The stock of Associated Alcohols & Breweries Ltd (AABL) has recently caught the attention of analysts with a Buy recommendation and a target price of ₹1,755. This relatively unknown stock is poised for growth as it transitions from being a contract manufacturer to a consumer-facing brand in the premium spirits segment.
With a legacy of serving marquee brands as a contract manufacturer, AABL is now taking bold steps to expand its portfolio with premium whiskies, tequila, and other high-end spirits. The company’s strategic advantage lies in its integrated manufacturing base in the grain belt, which ensures cost competitiveness and flexibility in production.
Moreover, AABL’s recent foray into ethanol production aligns with the government’s ethanol blending initiatives, adding another layer of growth potential to the company’s roadmap. Analysts project a revenue compound annual growth rate (CAGR) of 26% over the forecast period, driven by geographical expansion and the launch of new products in the premium and super premium segments.

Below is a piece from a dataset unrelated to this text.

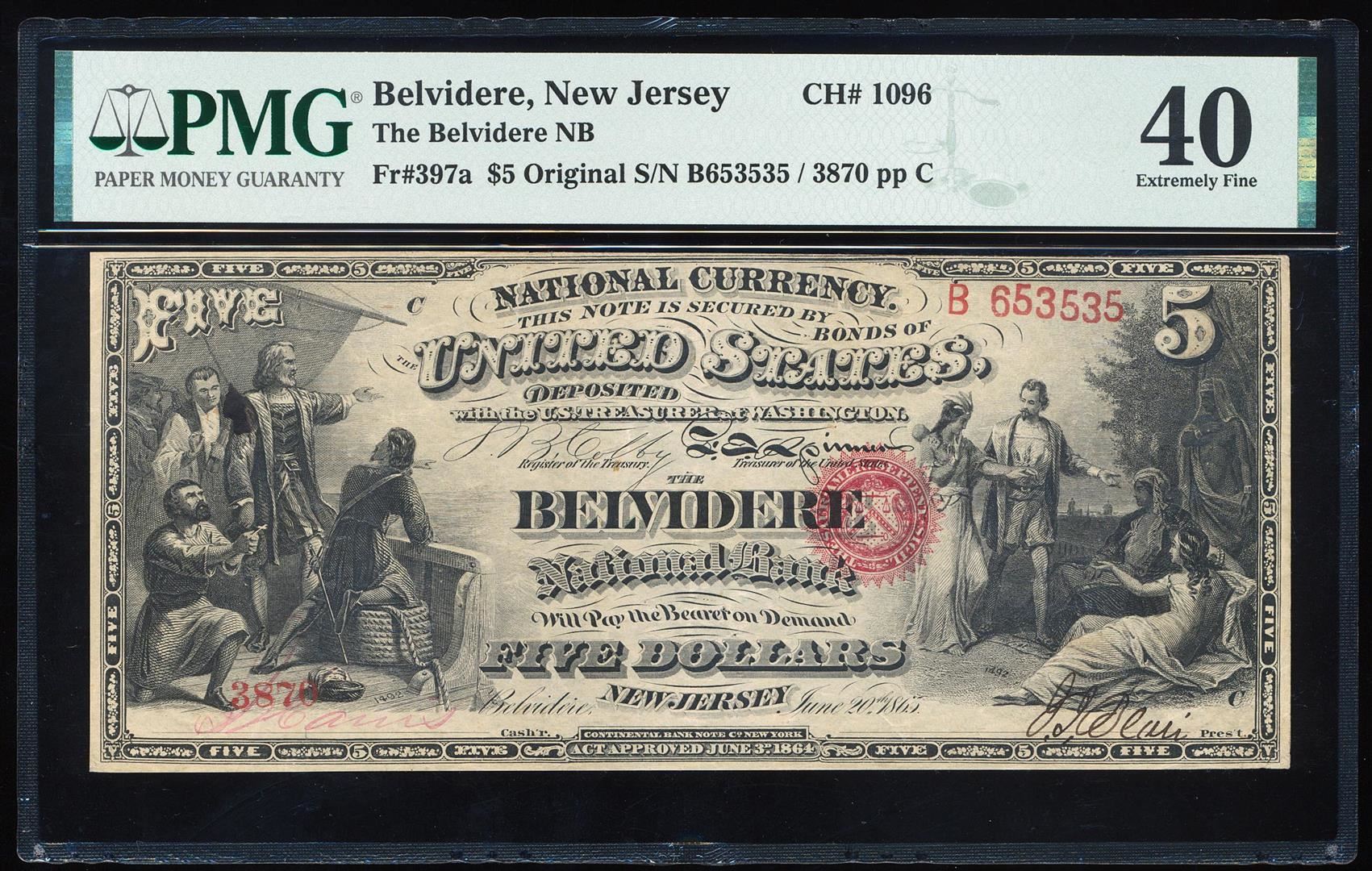 Original 1865 $5 Belvidere, NJ CH# 1096 National Currency Note PMG Extremely Fine 40

Furthermore, the anticipated improvement in operational efficiency, raw material prices, and revenue is expected to boost EBITDA margins by 371 basis points to 13.8%. However, potential risks such as delayed product launches and low brand penetration in new markets need to be monitored closely.
Overall, the outlook for Associated Alcohols & Breweries Ltd appears promising, with analysts projecting a significant re-rating potential as the company invests in premiumization, diversification, and expanded distribution. As investors keep an eye on this under-researched stock, the journey of AABL towards becoming a prominent player in India’s premium spirits market is worth following.